What is cervical disc herniation?

Cervical disc herniation is a condition in which a disc in the neck can rupture and put pressure on the adjacent nerves. Cervical discs are the cushions between the vertebrae in the upper back and neck. If they become damaged by degeneration or injury, they may bulge abnormally or rupture causing cartilage on the inside to leak. Common terms for this condition include herniated disc, slipped disc or ruptured disc. If the affected disc puts pressure on the nerves or the spinal cord, it can cause severe and unrelenting pain radiating from the neck down the arm and into the fingertips.

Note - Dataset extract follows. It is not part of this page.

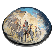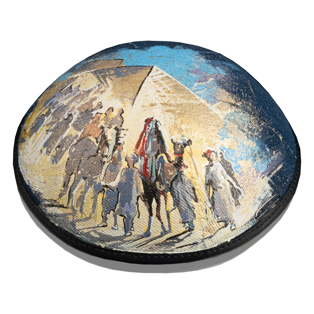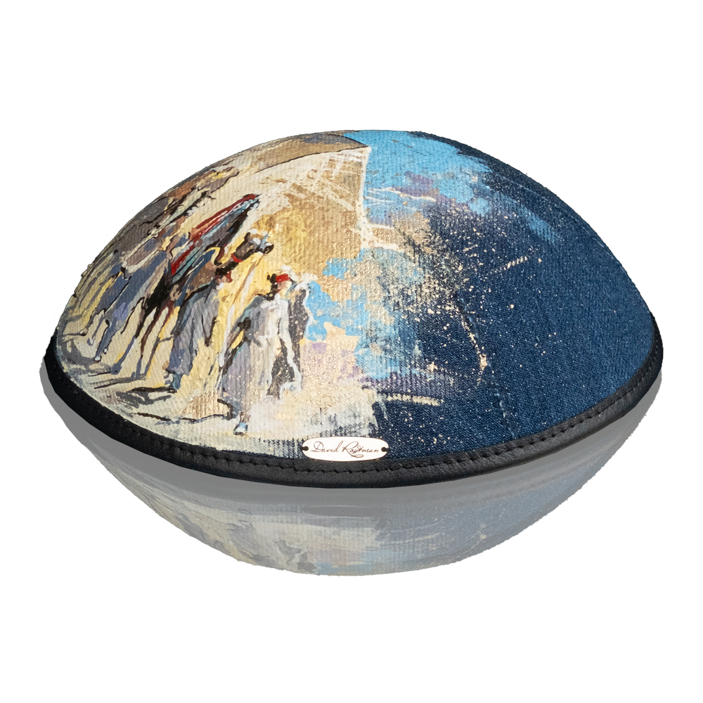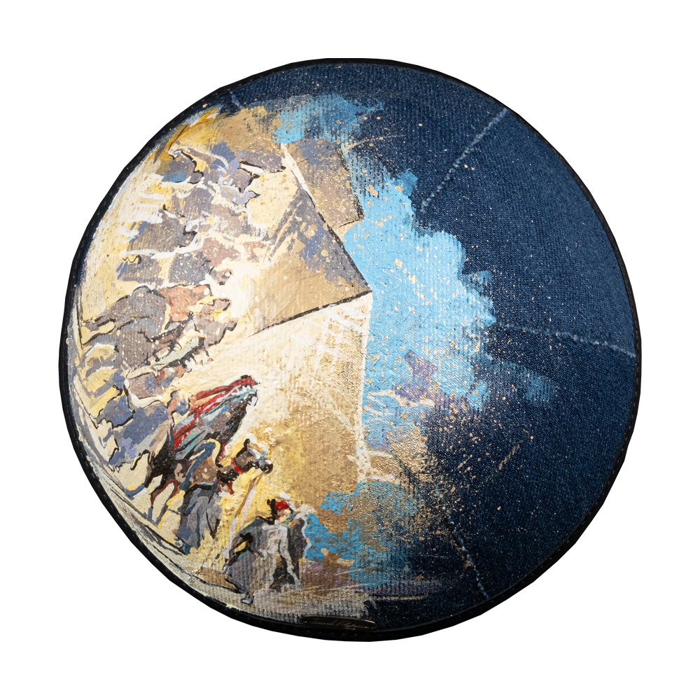 The denim kippah from the “770” art collection featuring the Exodus from Egypt by the design house David Roytman Luxury Judaica is a unique work of art. This kippah, made from high-quality denim, is adorned with a detailed depiction of the biblical scene of the Exodus from Egypt. The “770” collection is known for its creative and bold designs that combine elements of fashion, religious symbolism, and history. Each piece from David Roytman Luxury Judaica is not only an item of clothing but also an expressive artistic statement that highlights the individuality and unique style of its owner.

How does cervical disc herniation occur?

Cervical disc herniation is usually caused by wear and tear or injury. As we age, our discs gradually lose the fluid that helps them maintain flexibility. Discs become stiffer and shorter, causing the vertebrae to move closer together. A herniated disc also may result from injuries to the spine, which can cause tiny tears or cracks in the disc's outer layer. The jellylike material inside is forced out, which causes the disc to bulge, break open or break into fragments. These fragments can put pressure on the nerves and spinal cord and cause pain, numbness or weakness.

What are the symptoms?

Symptoms of cervical disc herniation may include:

  • Neck pain
  • Pain that radiates down the arm to the hand or fingers
  • Numbness or tingling in the shoulder, arm or hands
  • Weakness of the arm or hand
  • Burning pain in the shoulders, neck or arm
  • Loss of balance or coordination
  • Loss of hand function or grip strength
  • Difficulty with fine motor skills in the hands and arms

How is cervical disc herniation diagnosed?

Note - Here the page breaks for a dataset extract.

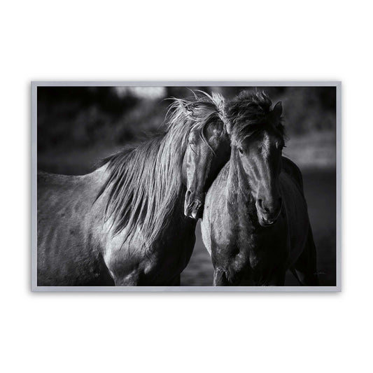 Graceful Bond Between Wild Horses in Black and White Paper Print
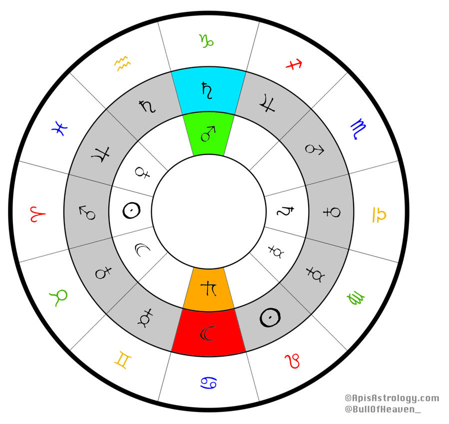 A planet in its Throne is stronger than anywhere else in the chart. It is the soul of the Sign in question and can shine through undiminished. Saturn is Enthroned in Capricorn, where its capacity for self-control, discipline and sacrifice is given every chance to express itself.Those on the inner ring just below them (Green) are Exalted.

In addition to a complete physical exam and patient history, your doctor can use specific tests, including X-ray, MRI andCT scan,to diagnose a herniated disc. Sometimes, a test called an electromyogram is used to check electrical activity along the nerves and pinpoint the area of damage.

What is the treatment?

Many patients will improve with non-surgical treatment. This may include rest, non-steroidal anti-inflammatory medication, corticosteroids, epidural injections or physical therapy. If these conservative treatments don't work, or if symptoms get worse,surgery may be necessary. The goals of surgery are to remove the damaged disc to take pressure off of the nerves, maintain spine stability and correct spine alignment.

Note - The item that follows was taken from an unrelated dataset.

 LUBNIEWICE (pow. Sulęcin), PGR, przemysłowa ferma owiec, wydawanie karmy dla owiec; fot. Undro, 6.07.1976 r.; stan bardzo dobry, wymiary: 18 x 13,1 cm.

There are several appropriate and successful surgical options, including:

  • Anterior cervical discectomy and fusion. The surgeon makes a small incision in the front of the neck to reach the spine. The affected disc between the vertebrae is removed and the vertebrae are fused together with a bone graft. Usually screws and a titanium plate are used to increase stability.
  • Anterior cervical corpectomy and strut graft. This procedure is typically needed if there is pressure on the spinal cord behind the vertebrae. The surgeon makes a small incision in the front of the neck and removes the affected vertebrae, as well as the discs and bone spurs, to take pressure off the spinal cord. Usually a cage and bone graft is implanted in the space, which works like a strut to support the spine. Screws and a titanium plate are used to hold everything in place while healing occurs and the vertebrae fuse.
  • Cervical laminectomy and fusion. The surgeon makes an incision in the back of the neck and removes the bony roof of the spine (the lamina) to open up the spinal canal and create more space for the nerves and the spinal cord. The vertebrae are then fused together to provide stability. Typically rods and screws are used to hold the vertebrae firm as the fusion heals.
  • Posterior cervical laminoforaminotomy. The surgeon makes an incision in the back of the neck to reach the spine. The bone or disc fragment compressing the nerve root is removed, taking pressure off the nerve. Depending on the stability of the affected area, a fusion may or may not be performed at the same time.
  • Cervical disc replacement. This procedure is an exciting advancement in spine surgery and, for carefully selected patients, a good alternative to the traditional fusion technique. The surgeon removes the diseased disc to relieve pressure on the nerve. Rather than using a bone graft to fuse, the disc space is fitted with a prosthetic disc. The device preserves motion and eliminates the typical complications of fusion surgery. 

Your surgeon will discuss what surgical options would be best for you depending on your individual case and condition. Not everyone is a candidate for disc replacement surgery. A surgeon who is trained in both spine fusion techniques and disc replacement technology is the best person to determine the most appropriate surgical option. A consultation with the proper surgeon is crucial in making that determination.